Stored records
+ + + + +

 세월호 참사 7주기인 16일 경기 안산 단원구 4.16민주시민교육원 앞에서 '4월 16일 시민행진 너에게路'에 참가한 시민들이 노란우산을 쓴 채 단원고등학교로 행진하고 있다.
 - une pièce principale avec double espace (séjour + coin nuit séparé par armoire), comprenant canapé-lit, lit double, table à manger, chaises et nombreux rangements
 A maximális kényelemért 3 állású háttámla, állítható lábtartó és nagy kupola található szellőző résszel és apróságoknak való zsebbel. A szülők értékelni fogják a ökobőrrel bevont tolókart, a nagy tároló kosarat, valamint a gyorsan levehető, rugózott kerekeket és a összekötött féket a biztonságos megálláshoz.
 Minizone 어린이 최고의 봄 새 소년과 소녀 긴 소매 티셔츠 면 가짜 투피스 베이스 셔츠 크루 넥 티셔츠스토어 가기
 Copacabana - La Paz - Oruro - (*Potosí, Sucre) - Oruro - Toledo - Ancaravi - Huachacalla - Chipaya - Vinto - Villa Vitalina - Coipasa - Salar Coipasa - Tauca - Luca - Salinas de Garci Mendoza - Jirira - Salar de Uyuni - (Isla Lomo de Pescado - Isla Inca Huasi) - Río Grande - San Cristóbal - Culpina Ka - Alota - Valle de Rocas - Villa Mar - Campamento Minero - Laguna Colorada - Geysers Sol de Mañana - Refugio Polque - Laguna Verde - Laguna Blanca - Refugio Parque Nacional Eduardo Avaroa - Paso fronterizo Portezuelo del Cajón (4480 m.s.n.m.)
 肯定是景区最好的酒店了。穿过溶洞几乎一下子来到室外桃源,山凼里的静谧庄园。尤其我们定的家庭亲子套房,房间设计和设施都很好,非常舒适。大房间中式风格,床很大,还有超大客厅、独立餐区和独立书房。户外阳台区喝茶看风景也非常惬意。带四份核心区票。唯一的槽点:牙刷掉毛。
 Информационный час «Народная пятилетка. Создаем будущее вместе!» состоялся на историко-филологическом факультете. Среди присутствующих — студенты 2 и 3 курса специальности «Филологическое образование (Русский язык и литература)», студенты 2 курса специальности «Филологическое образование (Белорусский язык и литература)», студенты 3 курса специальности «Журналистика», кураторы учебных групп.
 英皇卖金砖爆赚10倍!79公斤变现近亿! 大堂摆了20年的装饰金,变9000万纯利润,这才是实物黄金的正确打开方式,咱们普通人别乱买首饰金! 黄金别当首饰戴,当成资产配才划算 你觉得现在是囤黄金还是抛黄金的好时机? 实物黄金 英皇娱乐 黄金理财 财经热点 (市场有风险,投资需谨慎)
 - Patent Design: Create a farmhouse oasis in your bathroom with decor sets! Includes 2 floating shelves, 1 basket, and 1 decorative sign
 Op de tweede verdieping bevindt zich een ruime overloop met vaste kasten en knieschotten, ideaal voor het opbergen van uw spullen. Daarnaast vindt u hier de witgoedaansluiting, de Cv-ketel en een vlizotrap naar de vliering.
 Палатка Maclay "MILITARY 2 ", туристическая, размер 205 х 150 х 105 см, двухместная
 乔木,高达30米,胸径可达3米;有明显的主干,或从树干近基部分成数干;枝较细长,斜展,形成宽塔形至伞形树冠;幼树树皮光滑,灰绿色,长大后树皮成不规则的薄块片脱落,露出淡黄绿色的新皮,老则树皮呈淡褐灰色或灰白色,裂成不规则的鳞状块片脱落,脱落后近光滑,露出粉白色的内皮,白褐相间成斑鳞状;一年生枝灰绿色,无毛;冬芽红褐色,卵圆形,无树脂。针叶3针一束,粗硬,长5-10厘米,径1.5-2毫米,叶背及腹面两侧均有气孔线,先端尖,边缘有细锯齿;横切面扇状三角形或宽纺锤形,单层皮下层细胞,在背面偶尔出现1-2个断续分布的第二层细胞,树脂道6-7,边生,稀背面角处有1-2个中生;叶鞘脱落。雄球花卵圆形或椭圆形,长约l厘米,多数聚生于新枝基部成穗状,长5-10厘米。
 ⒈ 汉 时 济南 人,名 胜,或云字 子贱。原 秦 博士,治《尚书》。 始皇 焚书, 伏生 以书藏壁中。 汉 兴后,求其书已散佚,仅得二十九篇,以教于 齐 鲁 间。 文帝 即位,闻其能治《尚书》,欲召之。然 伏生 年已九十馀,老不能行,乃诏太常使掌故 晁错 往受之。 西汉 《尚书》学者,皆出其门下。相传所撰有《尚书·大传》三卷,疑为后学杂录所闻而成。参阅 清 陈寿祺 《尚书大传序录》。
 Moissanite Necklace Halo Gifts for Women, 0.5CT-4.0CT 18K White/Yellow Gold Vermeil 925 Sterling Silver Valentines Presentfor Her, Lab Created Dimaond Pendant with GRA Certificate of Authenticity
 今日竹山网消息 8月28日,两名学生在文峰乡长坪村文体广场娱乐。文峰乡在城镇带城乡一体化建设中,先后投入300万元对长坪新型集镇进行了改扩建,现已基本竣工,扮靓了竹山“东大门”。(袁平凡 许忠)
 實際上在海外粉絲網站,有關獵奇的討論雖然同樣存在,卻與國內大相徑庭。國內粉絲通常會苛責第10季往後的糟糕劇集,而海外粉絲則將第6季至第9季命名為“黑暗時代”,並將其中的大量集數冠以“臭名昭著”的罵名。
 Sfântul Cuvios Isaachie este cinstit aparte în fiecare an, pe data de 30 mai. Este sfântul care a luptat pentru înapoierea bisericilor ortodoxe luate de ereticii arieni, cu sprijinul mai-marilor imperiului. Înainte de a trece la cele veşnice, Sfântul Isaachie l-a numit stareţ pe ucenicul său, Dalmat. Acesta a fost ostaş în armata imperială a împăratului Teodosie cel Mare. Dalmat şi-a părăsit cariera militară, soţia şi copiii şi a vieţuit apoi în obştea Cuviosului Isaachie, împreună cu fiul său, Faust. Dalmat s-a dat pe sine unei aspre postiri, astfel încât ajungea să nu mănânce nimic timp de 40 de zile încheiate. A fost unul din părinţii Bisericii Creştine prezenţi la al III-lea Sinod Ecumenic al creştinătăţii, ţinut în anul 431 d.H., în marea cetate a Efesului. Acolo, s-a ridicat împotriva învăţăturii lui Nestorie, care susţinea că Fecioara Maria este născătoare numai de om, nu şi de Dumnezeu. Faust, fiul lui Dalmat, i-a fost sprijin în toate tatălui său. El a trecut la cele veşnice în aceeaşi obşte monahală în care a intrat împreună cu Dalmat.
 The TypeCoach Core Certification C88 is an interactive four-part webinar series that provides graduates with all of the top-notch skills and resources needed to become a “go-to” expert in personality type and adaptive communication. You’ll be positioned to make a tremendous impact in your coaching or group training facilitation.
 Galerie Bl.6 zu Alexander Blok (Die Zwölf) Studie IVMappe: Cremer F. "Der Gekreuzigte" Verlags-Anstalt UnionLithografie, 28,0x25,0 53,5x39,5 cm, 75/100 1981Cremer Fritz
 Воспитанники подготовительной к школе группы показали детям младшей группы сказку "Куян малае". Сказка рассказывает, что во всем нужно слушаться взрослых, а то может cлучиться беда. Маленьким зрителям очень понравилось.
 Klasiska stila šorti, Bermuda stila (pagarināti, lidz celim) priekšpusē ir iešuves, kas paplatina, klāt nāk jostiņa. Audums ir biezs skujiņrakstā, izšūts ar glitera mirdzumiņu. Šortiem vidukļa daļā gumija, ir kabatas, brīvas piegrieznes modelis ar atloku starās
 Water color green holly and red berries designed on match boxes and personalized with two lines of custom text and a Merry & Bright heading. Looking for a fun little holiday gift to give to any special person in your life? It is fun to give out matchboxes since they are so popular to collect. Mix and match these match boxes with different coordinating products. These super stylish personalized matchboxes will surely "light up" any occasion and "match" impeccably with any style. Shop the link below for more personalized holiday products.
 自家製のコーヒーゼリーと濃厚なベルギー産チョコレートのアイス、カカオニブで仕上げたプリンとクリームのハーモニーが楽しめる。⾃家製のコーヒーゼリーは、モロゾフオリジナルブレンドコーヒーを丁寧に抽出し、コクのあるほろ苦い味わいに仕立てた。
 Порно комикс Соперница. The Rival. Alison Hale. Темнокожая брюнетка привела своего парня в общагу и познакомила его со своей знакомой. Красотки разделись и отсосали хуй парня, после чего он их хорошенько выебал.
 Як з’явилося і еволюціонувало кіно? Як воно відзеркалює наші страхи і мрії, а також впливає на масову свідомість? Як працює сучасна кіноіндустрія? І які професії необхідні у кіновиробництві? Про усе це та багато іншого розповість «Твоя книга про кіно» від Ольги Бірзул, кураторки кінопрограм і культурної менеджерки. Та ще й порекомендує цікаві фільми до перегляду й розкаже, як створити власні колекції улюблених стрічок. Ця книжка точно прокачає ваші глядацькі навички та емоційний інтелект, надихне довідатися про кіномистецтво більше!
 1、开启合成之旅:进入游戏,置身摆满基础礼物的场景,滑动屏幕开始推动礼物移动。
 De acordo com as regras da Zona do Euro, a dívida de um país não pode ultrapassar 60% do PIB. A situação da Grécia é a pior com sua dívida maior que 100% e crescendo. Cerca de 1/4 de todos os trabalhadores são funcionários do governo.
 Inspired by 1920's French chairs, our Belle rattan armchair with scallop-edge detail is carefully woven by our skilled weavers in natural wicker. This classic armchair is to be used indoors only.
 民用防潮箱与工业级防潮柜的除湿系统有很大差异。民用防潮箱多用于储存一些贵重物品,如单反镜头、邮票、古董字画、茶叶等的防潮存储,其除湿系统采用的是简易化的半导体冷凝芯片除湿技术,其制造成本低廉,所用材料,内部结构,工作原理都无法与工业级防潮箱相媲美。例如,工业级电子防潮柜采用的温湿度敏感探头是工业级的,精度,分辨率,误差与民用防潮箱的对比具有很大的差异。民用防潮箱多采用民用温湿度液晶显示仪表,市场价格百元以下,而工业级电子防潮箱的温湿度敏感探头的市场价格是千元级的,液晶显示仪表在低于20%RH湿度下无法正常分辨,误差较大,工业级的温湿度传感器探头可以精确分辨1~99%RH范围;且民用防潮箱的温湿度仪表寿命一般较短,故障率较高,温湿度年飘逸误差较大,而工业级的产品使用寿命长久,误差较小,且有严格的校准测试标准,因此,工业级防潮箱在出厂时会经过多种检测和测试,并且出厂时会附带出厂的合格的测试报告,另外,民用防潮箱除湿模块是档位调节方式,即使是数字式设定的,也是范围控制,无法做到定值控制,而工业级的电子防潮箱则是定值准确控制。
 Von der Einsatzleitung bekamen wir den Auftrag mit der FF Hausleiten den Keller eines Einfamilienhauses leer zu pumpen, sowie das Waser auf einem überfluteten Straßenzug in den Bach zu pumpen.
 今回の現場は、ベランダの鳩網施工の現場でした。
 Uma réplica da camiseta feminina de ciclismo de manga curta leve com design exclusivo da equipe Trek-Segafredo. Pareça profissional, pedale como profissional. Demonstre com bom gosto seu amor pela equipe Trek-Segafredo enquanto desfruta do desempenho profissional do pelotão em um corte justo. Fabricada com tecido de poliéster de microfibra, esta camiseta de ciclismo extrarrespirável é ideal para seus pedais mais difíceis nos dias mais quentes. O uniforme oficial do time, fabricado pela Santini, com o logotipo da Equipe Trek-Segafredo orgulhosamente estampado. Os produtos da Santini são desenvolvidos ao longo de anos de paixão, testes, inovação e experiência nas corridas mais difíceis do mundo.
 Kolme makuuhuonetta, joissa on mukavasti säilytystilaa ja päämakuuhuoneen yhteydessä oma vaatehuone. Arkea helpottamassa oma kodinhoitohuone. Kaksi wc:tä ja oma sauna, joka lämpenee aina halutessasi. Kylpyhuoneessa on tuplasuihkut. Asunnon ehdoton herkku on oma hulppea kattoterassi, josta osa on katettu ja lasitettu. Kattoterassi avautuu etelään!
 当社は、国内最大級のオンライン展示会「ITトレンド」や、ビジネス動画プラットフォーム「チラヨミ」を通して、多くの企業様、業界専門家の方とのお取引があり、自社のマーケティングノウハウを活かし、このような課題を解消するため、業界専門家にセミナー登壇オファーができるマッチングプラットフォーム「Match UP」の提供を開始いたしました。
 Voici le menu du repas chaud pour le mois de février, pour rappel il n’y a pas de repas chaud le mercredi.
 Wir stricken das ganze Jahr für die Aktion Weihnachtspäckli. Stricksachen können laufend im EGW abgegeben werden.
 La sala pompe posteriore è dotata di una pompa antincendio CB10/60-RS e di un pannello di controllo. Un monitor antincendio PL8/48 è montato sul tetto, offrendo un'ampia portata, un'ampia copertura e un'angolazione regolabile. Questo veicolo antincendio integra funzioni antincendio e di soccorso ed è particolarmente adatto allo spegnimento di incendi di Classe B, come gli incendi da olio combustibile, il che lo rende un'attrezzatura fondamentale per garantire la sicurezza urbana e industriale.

+ + + + +

> **Task directions**
From the records above, print exactly the lines that run from the line with "今回の現場は、ベランダの鳩網施工の現場でした。" to the line with "当社は、国内最大級のオンライ", inclusive.

> **Response**
 今回の現場は、ベランダの鳩網施工の現場でした。
 Uma réplica da camiseta feminina de ciclismo de manga curta leve com design exclusivo da equipe Trek-Segafredo. Pareça profissional, pedale como profissional. Demonstre com bom gosto seu amor pela equipe Trek-Segafredo enquanto desfruta do desempenho profissional do pelotão em um corte justo. Fabricada com tecido de poliéster de microfibra, esta camiseta de ciclismo extrarrespirável é ideal para seus pedais mais difíceis nos dias mais quentes. O uniforme oficial do time, fabricado pela Santini, com o logotipo da Equipe Trek-Segafredo orgulhosamente estampado. Os produtos da Santini são desenvolvidos ao longo de anos de paixão, testes, inovação e experiência nas corridas mais difíceis do mundo.
 Kolme makuuhuonetta, joissa on mukavasti säilytystilaa ja päämakuuhuoneen yhteydessä oma vaatehuone. Arkea helpottamassa oma kodinhoitohuone. Kaksi wc:tä ja oma sauna, joka lämpenee aina halutessasi. Kylpyhuoneessa on tuplasuihkut. Asunnon ehdoton herkku on oma hulppea kattoterassi, josta osa on katettu ja lasitettu. Kattoterassi avautuu etelään!
 当社は、国内最大級のオンライン展示会「ITトレンド」や、ビジネス動画プラットフォーム「チラヨミ」を通して、多くの企業様、業界専門家の方とのお取引があり、自社のマーケティングノウハウを活かし、このような課題を解消するため、業界専門家にセミナー登壇オファーができるマッチングプラットフォーム「Match UP」の提供を開始いたしました。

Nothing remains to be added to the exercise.